Pharmacokinetics and antitumor efficacy of paclitaxel-cyclodextrin complexes loaded in mucus-penetrating nanoparticles for oral administration.

AIM: The authors report a novel approach for enhancing the oral absorption of paclitaxel (PTX) by encapsulation in poly(anhydride) nanoparticles (NPs) containing cyclodextrins and poly(ethylene glycol). MATERIALS &
METHODS: Formulations were prepared using the solvent displacement method. Subsequently, pharmacokinetics and organ distribution assays were evaluated after oral administration into C57BL/6J mice. In addition, antitumor efficacy studies were performed in a subcutaneous tumor model of Lewis lung carcinoma.
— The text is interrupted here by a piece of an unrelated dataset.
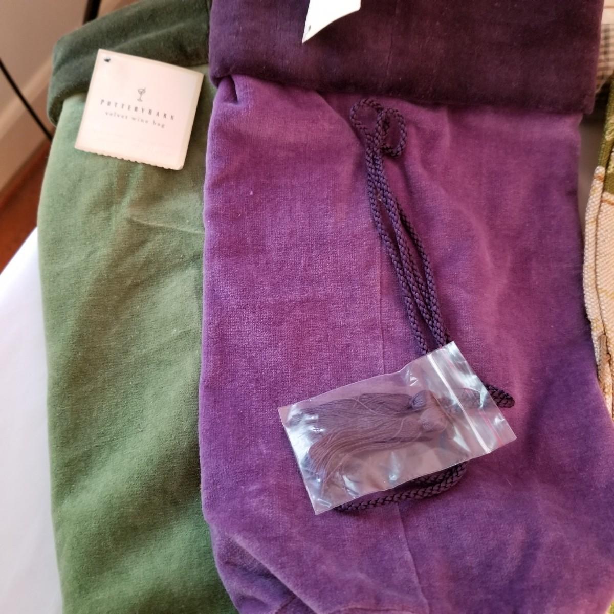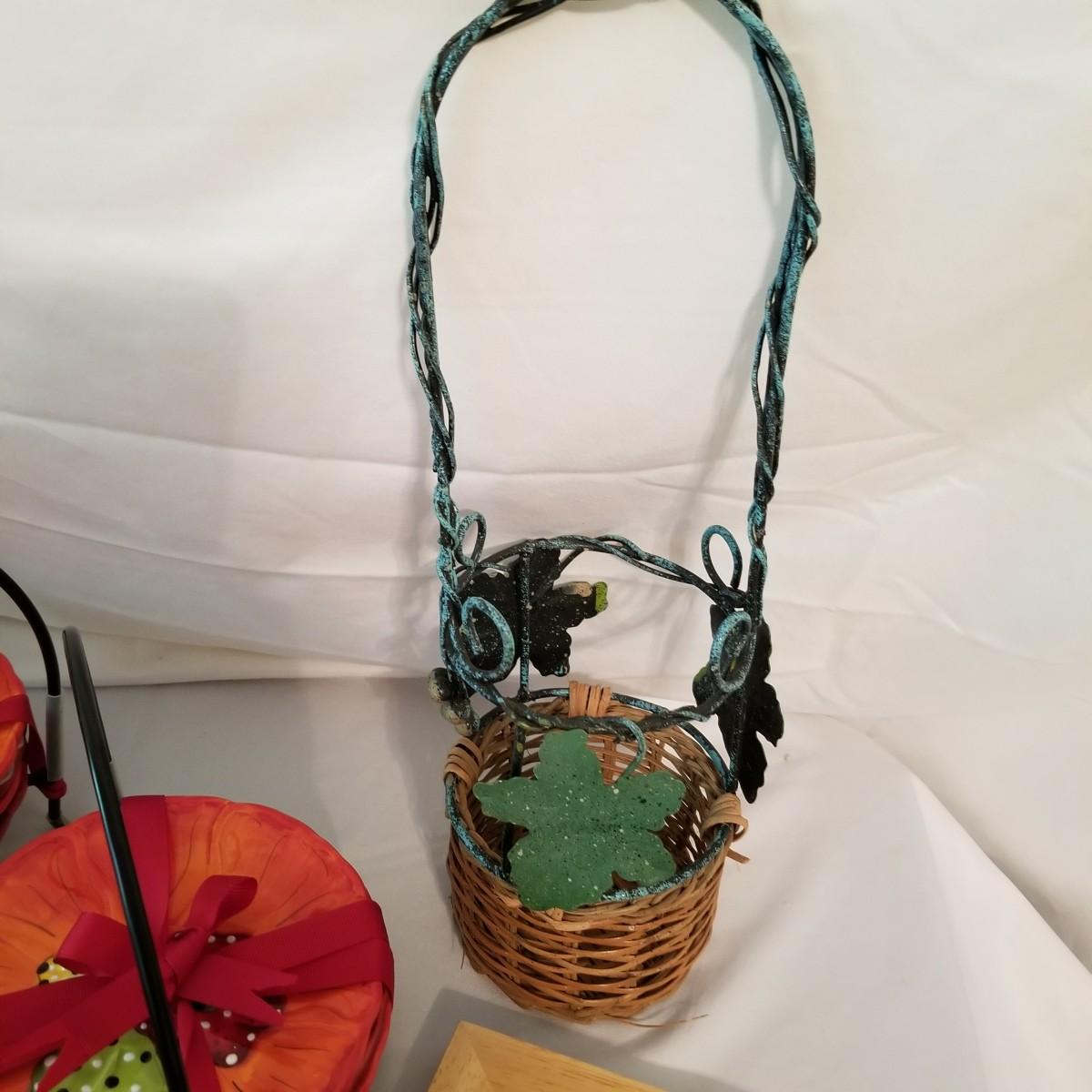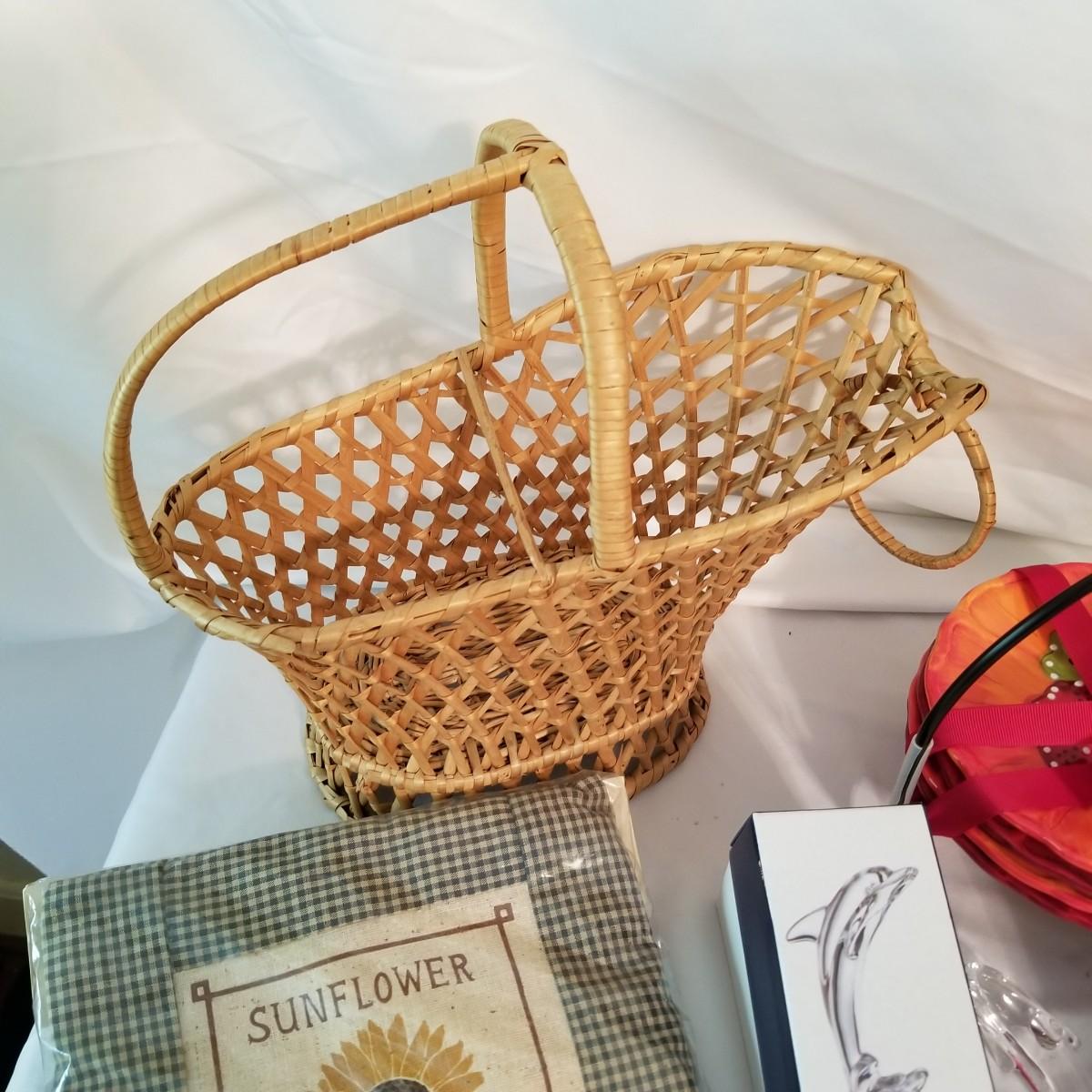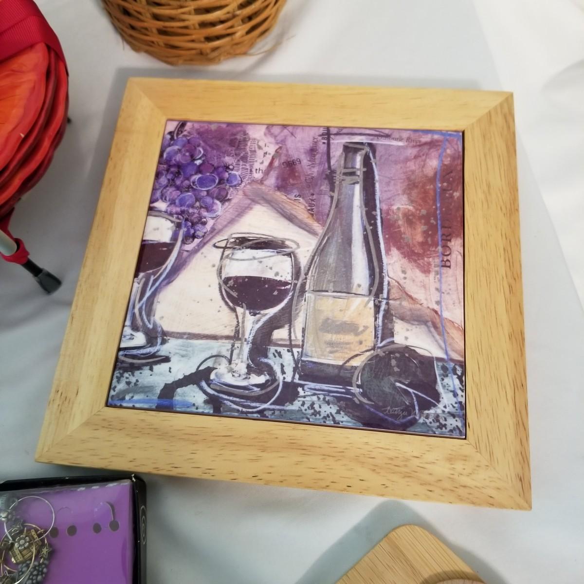 Everything wine! Wicker pouring basket, wicker/metal bottle holder, wine charms, cutting board, etc. Two Mikasa crystal bottle stoppers, hot pads, a towel. Two velvet wine gift bags. And two four-piece sets of Laurie Gates plates and holders. Local pickup only.

RESULTS: PTX-loaded NPs displayed sizes between 190-300 nm. Oral NPs achieved drug plasma levels for at least 24 h, with an oral bioavailability of 55-80%. Organ distribution studies revealed that PTX, orally administered in NPs, underwent a similar distribution to intravenous Taxol(®) (Bristol-Myers Squibb, NJ, USA). For in vivo antitumor assays, oral strategy maintained a slower tumor growth than intravenous Taxol.
CONCLUSION: PTX orally administered in poly(anhydride) NPs, combined with cyclodextrins and poly(ethylene glycol), displayed sustained plasma levels and significant antitumor effect in a syngenic tumor model of carcinoma in mice.